Your goal ▸ Go through the entries below and retype them exactly, omitting each picture.

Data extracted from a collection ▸
■ ■ ■ ■ ■

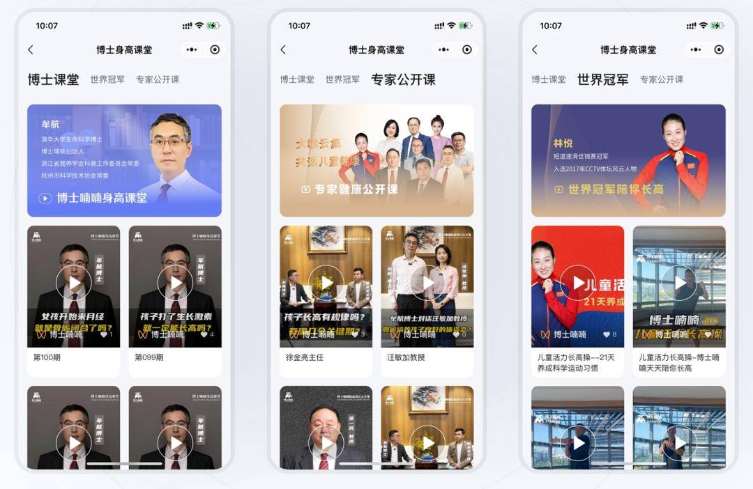 家长孩子建立健康意识和孩子养成健康习惯,对于长高至关重要。博士喃喃构建健康教育矩阵,打通科学认知“最后一公里” 。邀请清华、北大、北体大、北师大、浙大、温医大等知名专家及短道速滑世界冠军林悦,推出了三大明星栏目——《清华博士身高课堂》、《专家健康公开课》、《世界冠军陪你长高》,建设博士喃喃身高管理科普中心,科普家长孩子上百万人次,搭建专业科学与家庭实践的坚固桥梁。
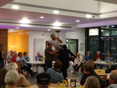 Unter der Überschrift: "Frage deinen Superintendenten" war Gelegenheit, viel über den Neuen im Kirchenkreis zu erfahren: Reiner Müller-Jödicke beantwortete offen viele Fragen, die aus dem Publikum gestellt wurden und wanderte von Tisch zu Tisch, um möglichst viele der Anwesenden kennen zu lernen.
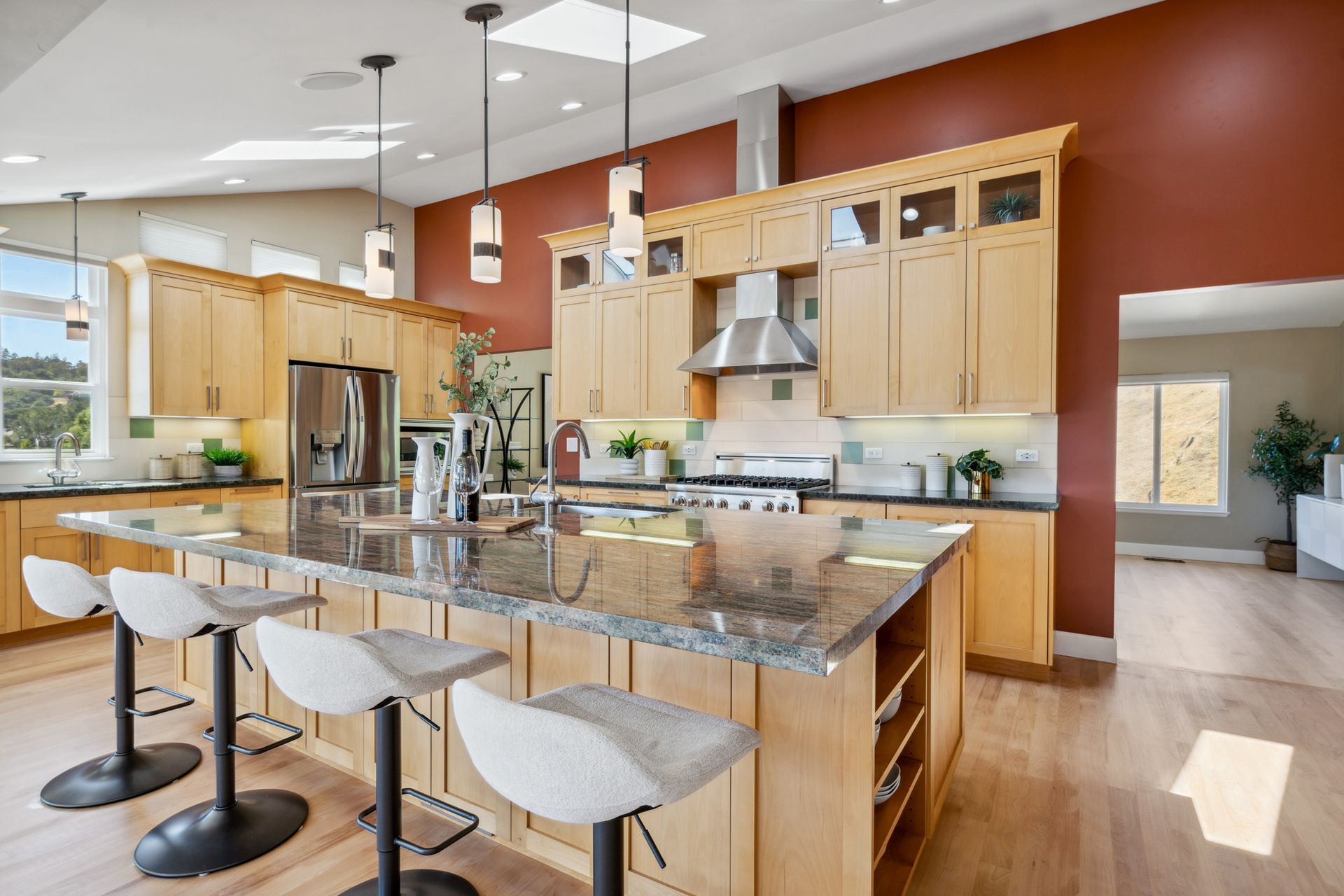 - Full-height maple cabinets with soft-close drawers and pull-out shelving maximize storage
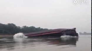 Skipet som frakter grus elv i Kina, opp ned fra overvektig belastningen.
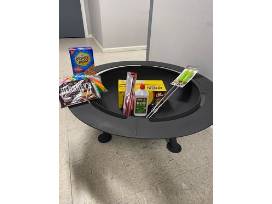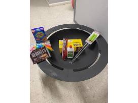 Steel fire pit measures 38" across and 16" high, package includes the makings for s'mores, roasting forks, fire starter log, lighter and lighter fluid
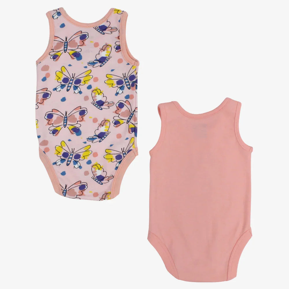 Soft, sweet, and perfect for sunny days! This 2-pack of sleeveless cotton bodysuits features adorable butterfly designs in cheerful pink and salmon tones—just right for warm-weather comfort and style.
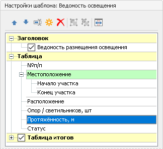Свойства объекта. При выборе шаблона в этой части отображаются свойства объекта, которые можно добавить в шаблон ведомости.
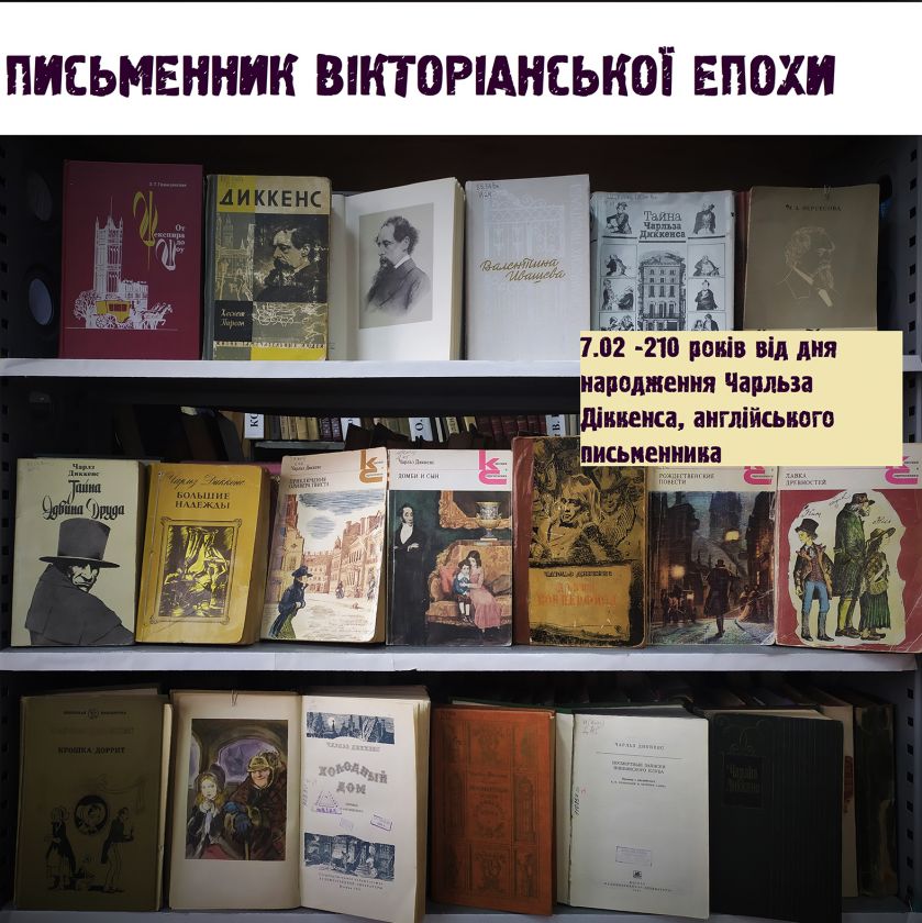 До 210-річчя від дня народження визначного англійського письменника Чарльза Діккенса, яке відзначається 7 лютого, наукова бібліотека підготувала тематичну виставку «Письменник вікторіанської епохи».На виставці представлені твори, які прославили Діккенса серед читацького світу: цикл «Різдвяні повісті», романи «Крамниця старожитностей», «Домбі і син», «Девід Копперфілд», «Маленька Дорріт», «Великі сподівання», «Холодний будинок», «Посмертні записки Піквікського клубу», «Таємниця Едвіна Друда» та інші.

■ ■ ■ ■ ■

Your solution ▸
 家长孩子建立健康意识和孩子养成健康习惯,对于长高至关重要。博士喃喃构建健康教育矩阵,打通科学认知“最后一公里” 。邀请清华、北大、北体大、北师大、浙大、温医大等知名专家及短道速滑世界冠军林悦,推出了三大明星栏目——《清华博士身高课堂》、《专家健康公开课》、《世界冠军陪你长高》,建设博士喃喃身高管理科普中心,科普家长孩子上百万人次,搭建专业科学与家庭实践的坚固桥梁。
 Unter der Überschrift: "Frage deinen Superintendenten" war Gelegenheit, viel über den Neuen im Kirchenkreis zu erfahren: Reiner Müller-Jödicke beantwortete offen viele Fragen, die aus dem Publikum gestellt wurden und wanderte von Tisch zu Tisch, um möglichst viele der Anwesenden kennen zu lernen.
 - Full-height maple cabinets with soft-close drawers and pull-out shelving maximize storage
 Skipet som frakter grus elv i Kina, opp ned fra overvektig belastningen.
 Steel fire pit measures 38" across and 16" high, package includes the makings for s'mores, roasting forks, fire starter log, lighter and lighter fluid
 Soft, sweet, and perfect for sunny days! This 2-pack of sleeveless cotton bodysuits features adorable butterfly designs in cheerful pink and salmon tones—just right for warm-weather comfort and style.
Свойства объекта. При выборе шаблона в этой части отображаются свойства объекта, которые можно добавить в шаблон ведомости.
 До 210-річчя від дня народження визначного англійського письменника Чарльза Діккенса, яке відзначається 7 лютого, наукова бібліотека підготувала тематичну виставку «Письменник вікторіанської епохи».На виставці представлені твори, які прославили Діккенса серед читацького світу: цикл «Різдвяні повісті», романи «Крамниця старожитностей», «Домбі і син», «Девід Копперфілд», «Маленька Дорріт», «Великі сподівання», «Холодний будинок», «Посмертні записки Піквікського клубу», «Таємниця Едвіна Друда» та інші.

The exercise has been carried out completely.